Boudreaux's Backyard Indulged in this creamy mushroom and crawfish pasta and described it like a dream come true! Made with shiitake and baby portobello mushrooms to give that umami flavor and of course loads of crawfish tails, this pasta creation is nothing short of amazing!
Made with Dagostino crawfish shaped pasta. Hand crafted pasta made with water and 100% Semolina flour.
All credits to this recipe to Boudreaux's Backyard
- Boudreaux's Backyard Crawfish Pasta Ingredients
- Boudreaux's Backyard Crawfish Pasta Directions
- Boudreaux's Backyard Crawfish Pasta Video
Boudreaux's Backyard Crawfish Pasta Ingredients
- 1 Stick of Butter
- 2 tbsp of Flour
- 1/2 Onion
- 1/2 Red Bell Pepper
- 4 cloves of Garlic
- 1/2 Bunch of Green Onions , Chopped
- 1/2 pack of Shiitake mushrooms
- 1/2 pack of Baby Portobello mushrooms
- 1 can of Rotel
- 1 tbsp of Tomato paste
- 1/4 bottle of White Wine or Sherry
- 1 pt of Heavy Cream
- 1 lb. of Crawfish
- 1 package of Dagostino Crawfish Shaped pasta
- Parmesan as needed
Boudreaux's Backyard Crawfish Pasta Directions
- Cook Dagostino pasta in salted boiling water according to package directions or until al dente.
- Melt butter and cook onions and peppers until soft.
- Add in garlic, green onions and mushrooms. Cook until softened.

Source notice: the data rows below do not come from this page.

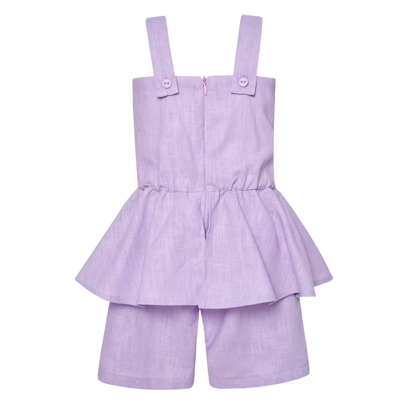 Ολόσωμη φόρμα για παιδιά με φρου-φρου, φαρδιές τιράντες και κλείσιμο με φερμουάρ.
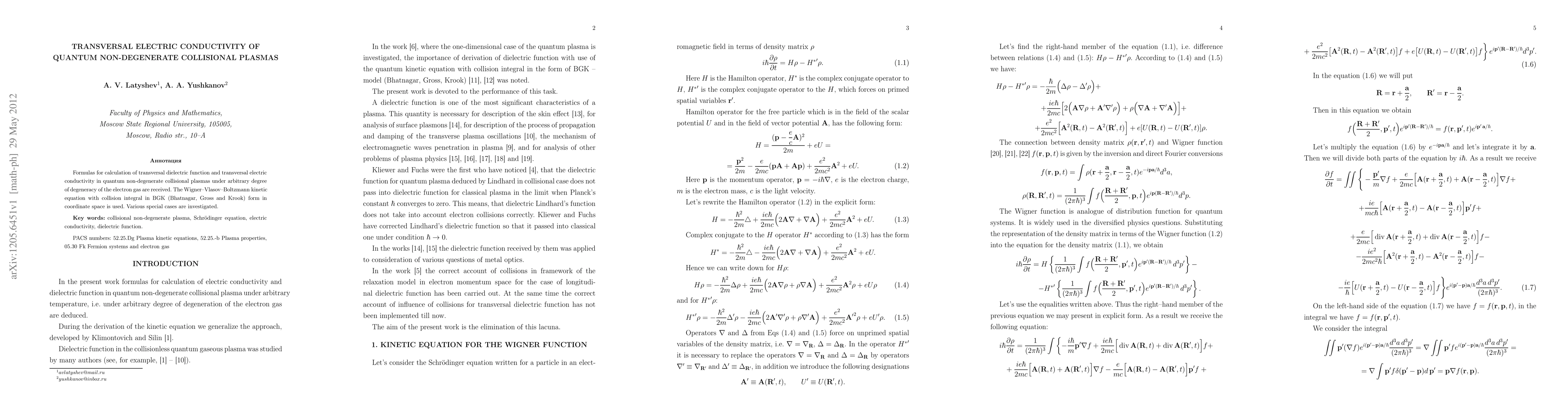 This paper derives formulas for calculating transversal dielectric function and electric conductivity in quantum non-degenerate collisional plasmas, utilizing the Wigner-Vlasov-Boltzmann kinetic equation with a BGK collision integral. Various special cases are examined to understand the behavior under different degrees of electron gas degeneracy.
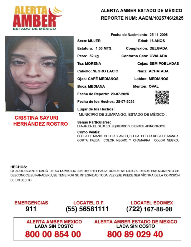 Cristina Sayuri Hernández Rostro, de 16 años, desapareció el 28 de julio de 2025, en el municipio de Zumpango, Estado de México
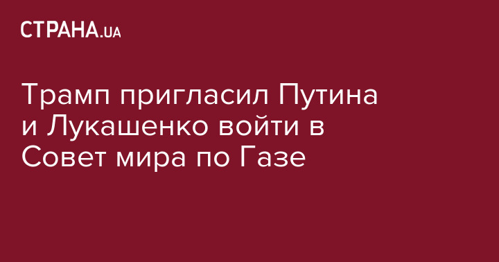 Президент США Дональд Трамп предложил российскому и белорусскому коллегам Владимиру Путину и Александру Лукашенко войти в Совет мира, который будет управлять сектором Газа.
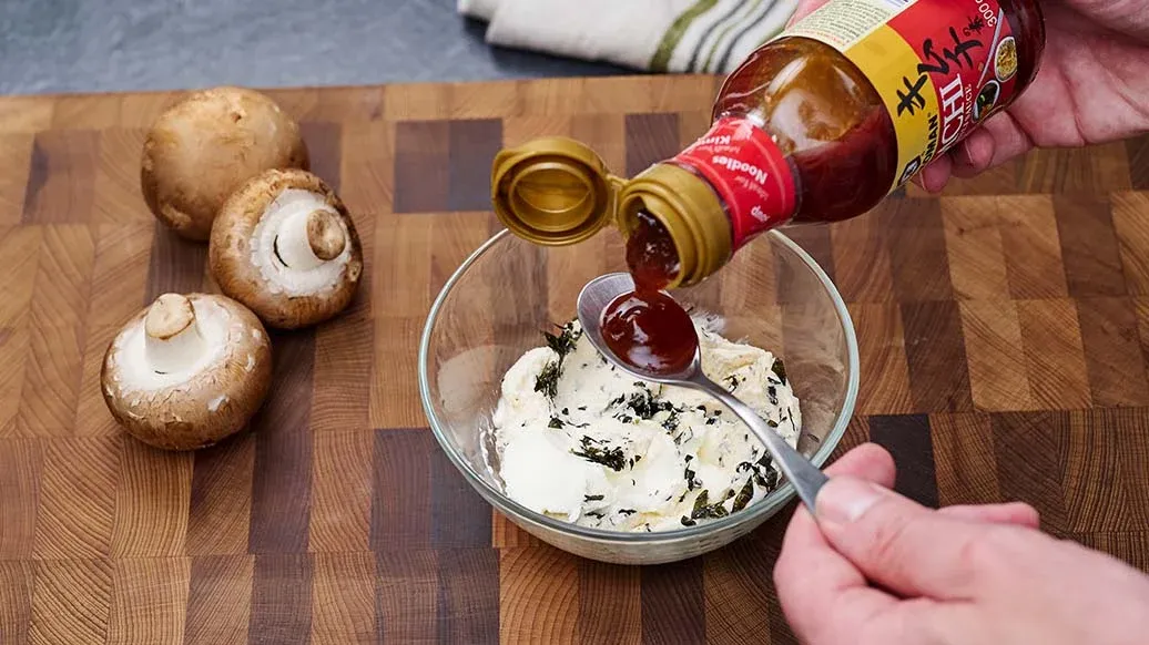 Trita finemente l'alga nori e mescolala con il formaggio spalmabile e il Salsa Kimchi Piccante Kikkoman.
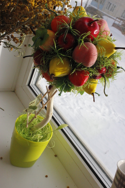 Всем привет.Вот впервые сделала фруктовое дерево и так оно мне понравилось, такая красота, ярко и по летнему,аж отдавать не хотела=)
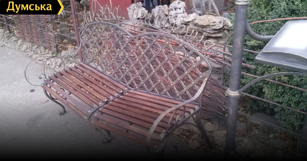 Такая лавочка в г. Ильичевске имеется возле новой арки влюбленных. А про эту лавочку на Ильфа и Петрова я не знаю почему только сейчас вспомнили, она там уже давно стоит.
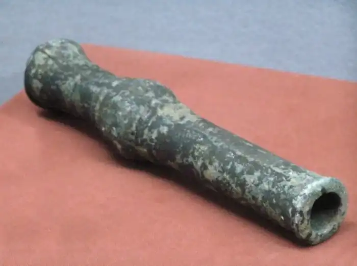 Начнём с самого старого из всех орудий, Хэйлунцзянской ручной пушки. Как следует из названия, это оружие представляло собой пушку, которую нужно было держать в руке. Созданная неизвестным оружейником в Китае в 1288 году, в Банлачэнцзы, провинция Хэйлунцзянь, эта ручная пушка является дедушкой (или бабушкой) всего огнестрельного оружия.
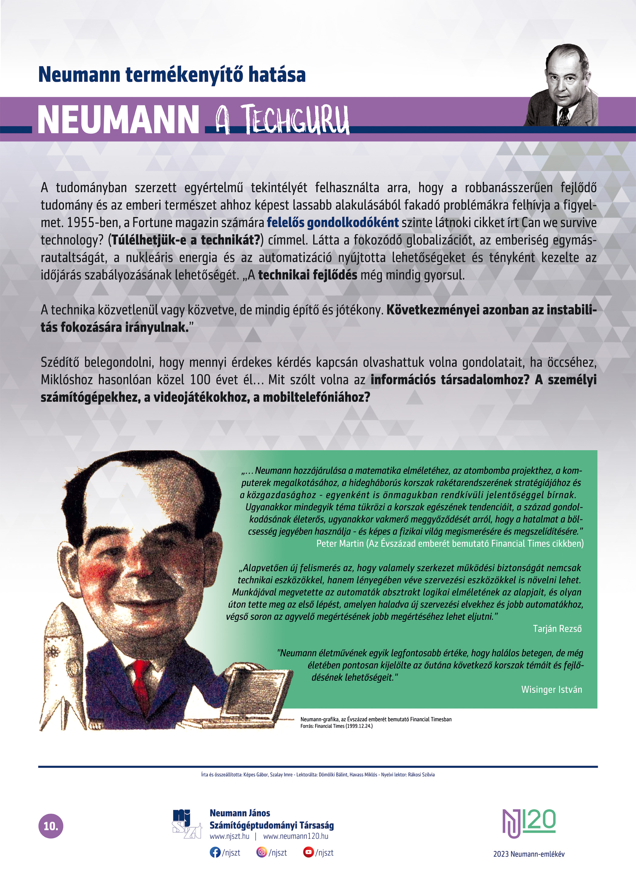 Neumann János (teljes nevén margittai Neumann János Lajos) a XX. század egyik legnagyobb matematikusa volt. Neumann János nem csak a matematikában, hanem számos más tudományban: a számítástechnika, a fizika, a közgazdaságtan, a meteorológia, az automataelmélet és nem utolsó sorban a játékelmélet terén is maradandót alkotott. Méltán mondható róla, hogy bármelyik tudományágban elért eredménye egy-egy önálló életműnek tekinthető.
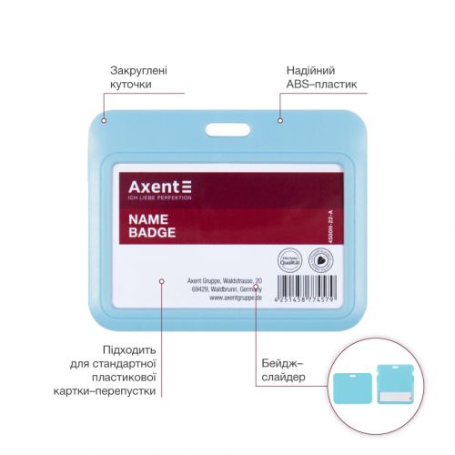 Бейдж-cлайдер горизонтальний. Матеріал: ABS пластик. Зовнішній розмір бейджу: 100*79 мм. Слот для стандартної пластикової картки, пропуск: 85*54 мм. Зкруглені краї. Зручний у використанні. Колір: голубой. Упаковка: запайка. *Відтінок кольору може відрізнятися в залежності від партії товару.
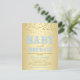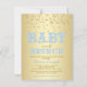 Boy baby shower brunch invitations with sweet whimsical baby brunch words on a gold glitter background. This baby blue and gold baby shower brunch invitation is easily customized for your event by simply adding your details in the font style and colour and wording of your choice. This is a printed design with no real glitter.
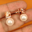 CITRINE STONE ROSE GOLD PEARL STUDS
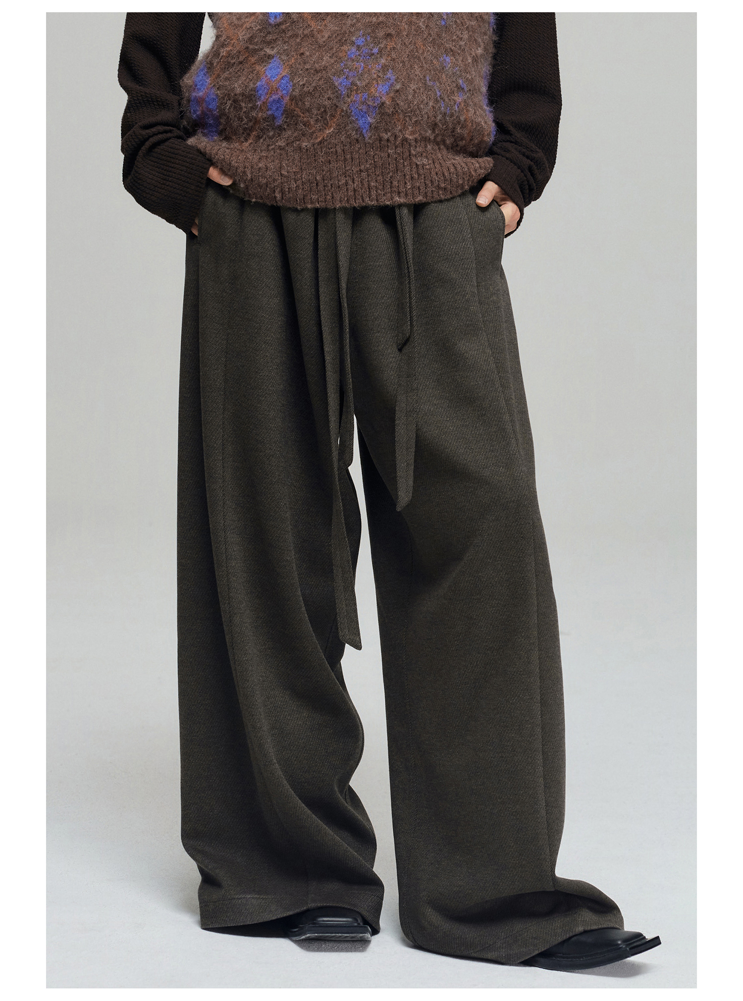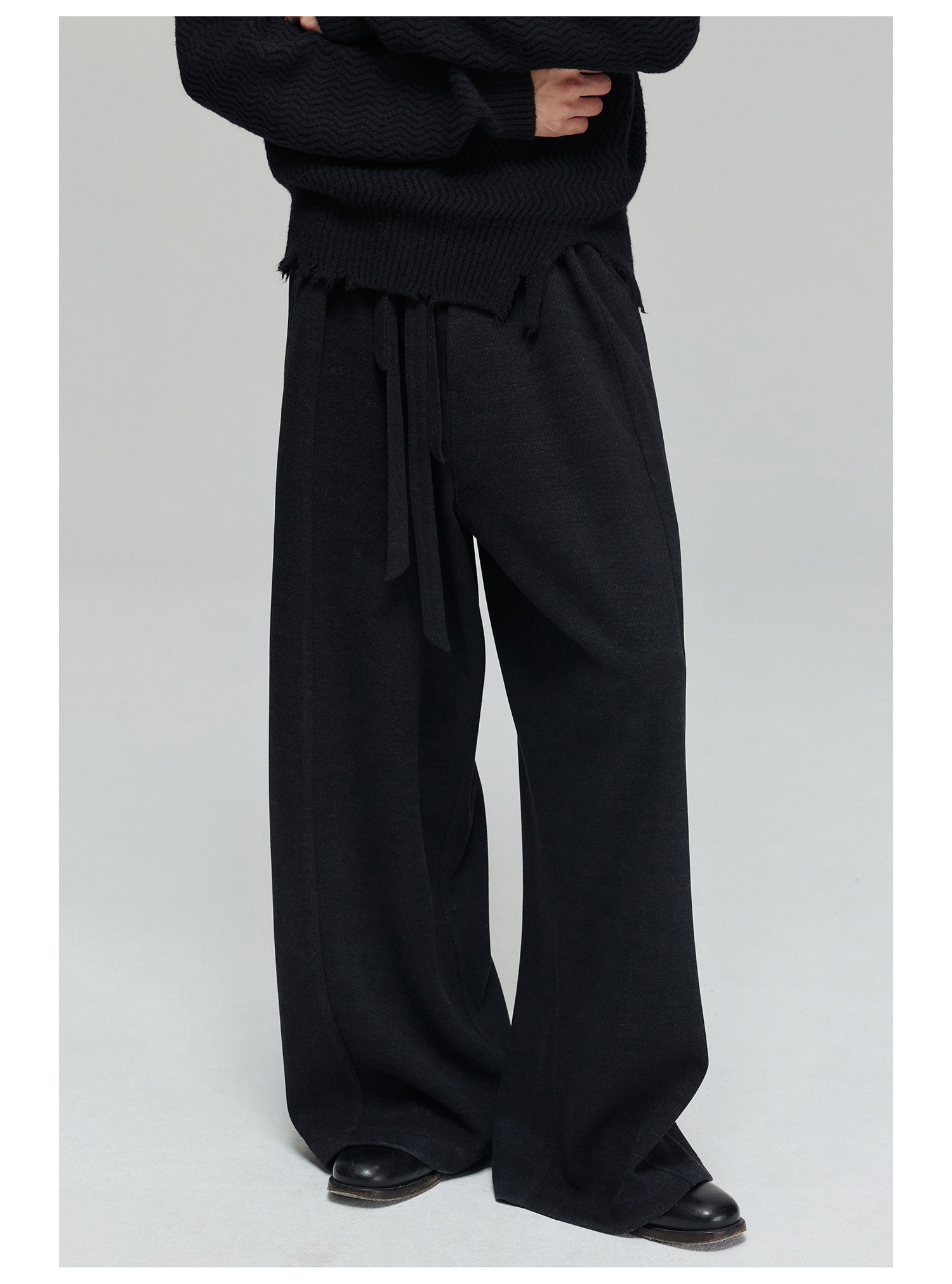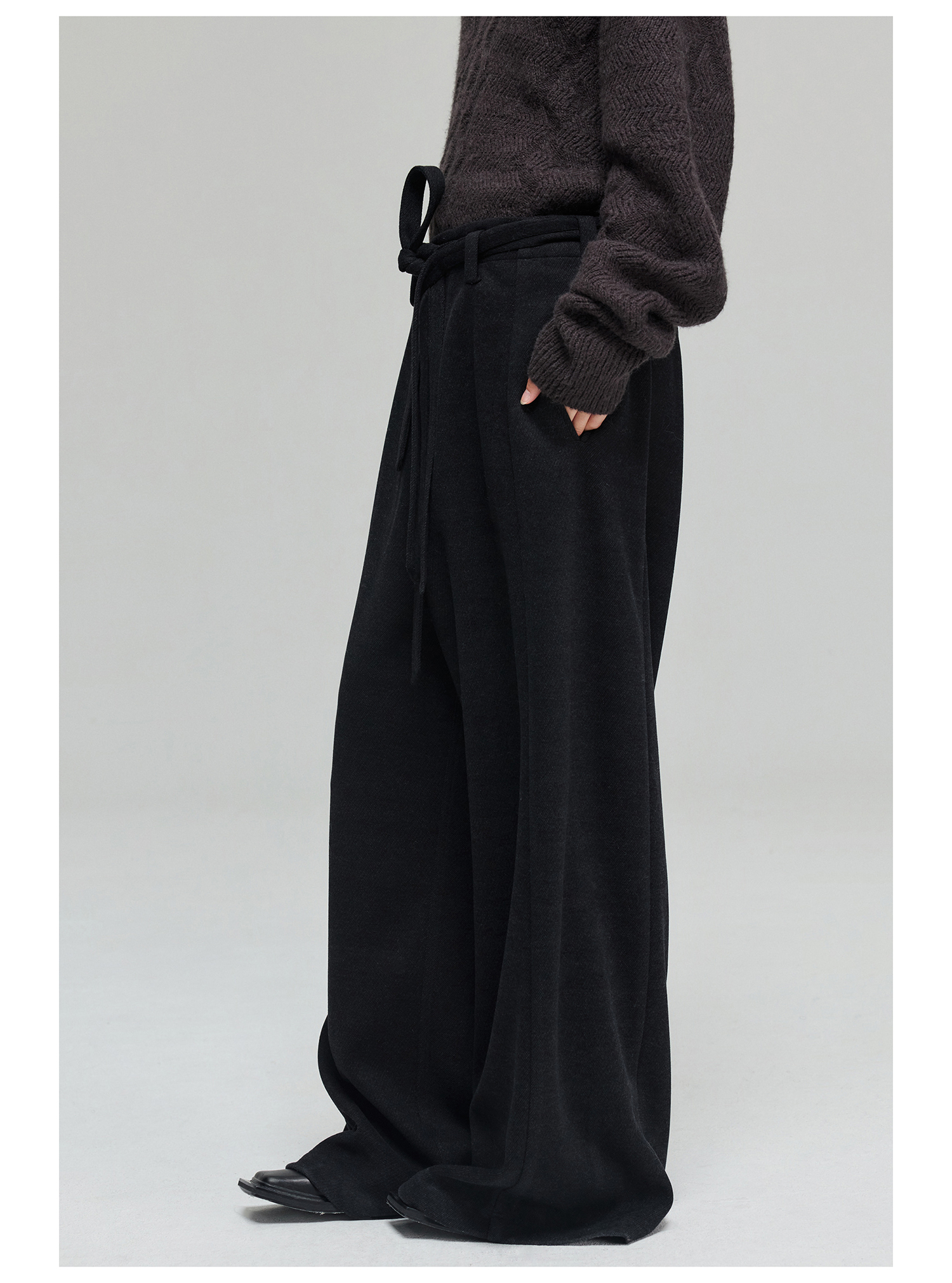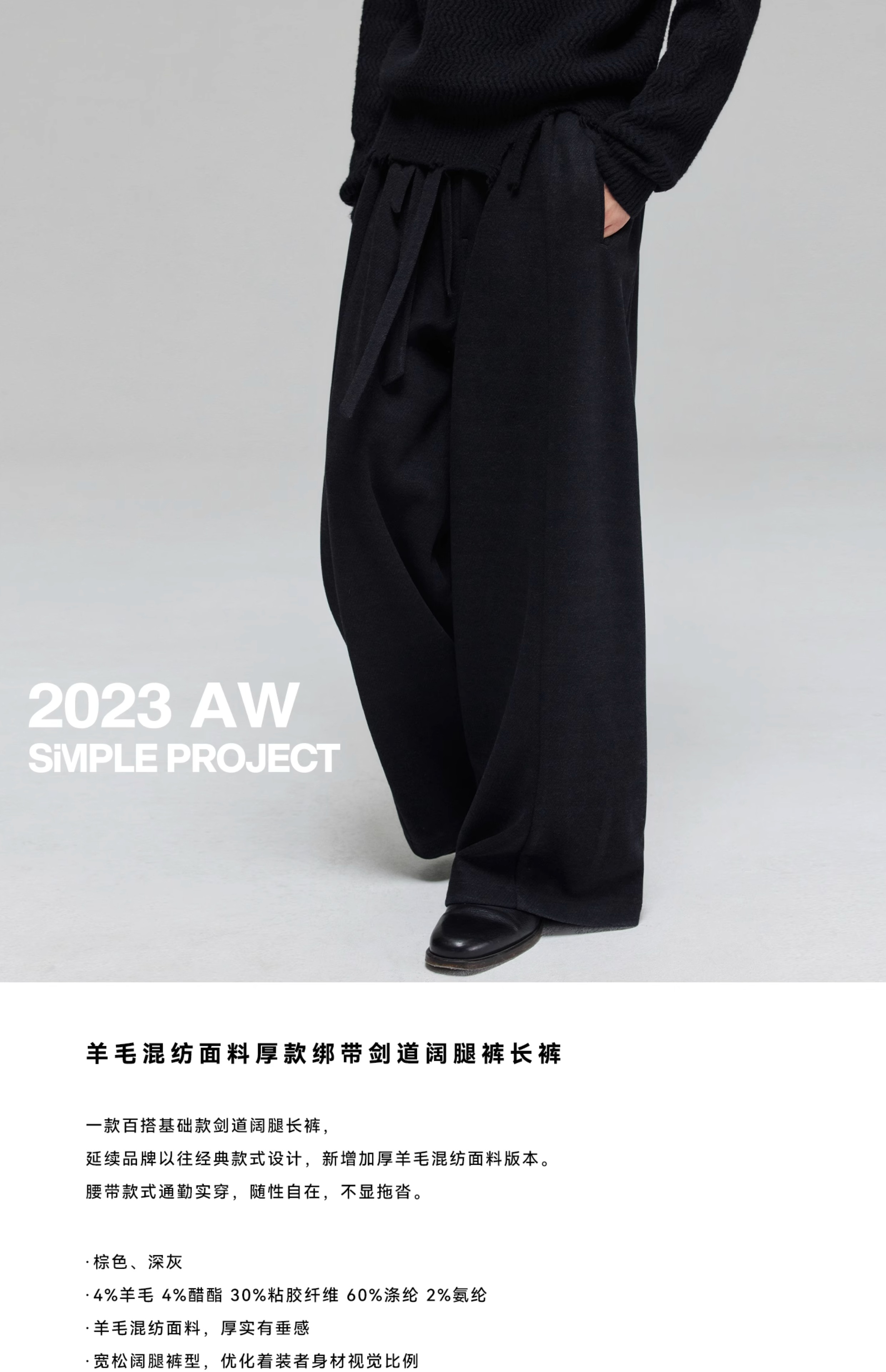 Simple Project/K23150/羊毛混纺厚款绑带剑道阔腿裤长裤

- Add flour to make a light roux.
- Add tomato paste, Rotel, wine and cream.
- Cook until sauce thickens and season to taste.
- Mix in crawfish tails with fat.
- Toss in pasta and coat.
- Serve with fresh grated Parmesan.
Boudreaux's Backyard Crawfish Pasta Video
Cook along with Boudreaux's Backyard recipe video HERE.
Protip: it’s important to ensure there is enough time for the alcohol to cook off in the sauce. When about half of the wine evaporates, the flavors of the sauce begin to concentrate to bring that delicious richness we aim for. Make sure the wine you are cooking with is room temperature.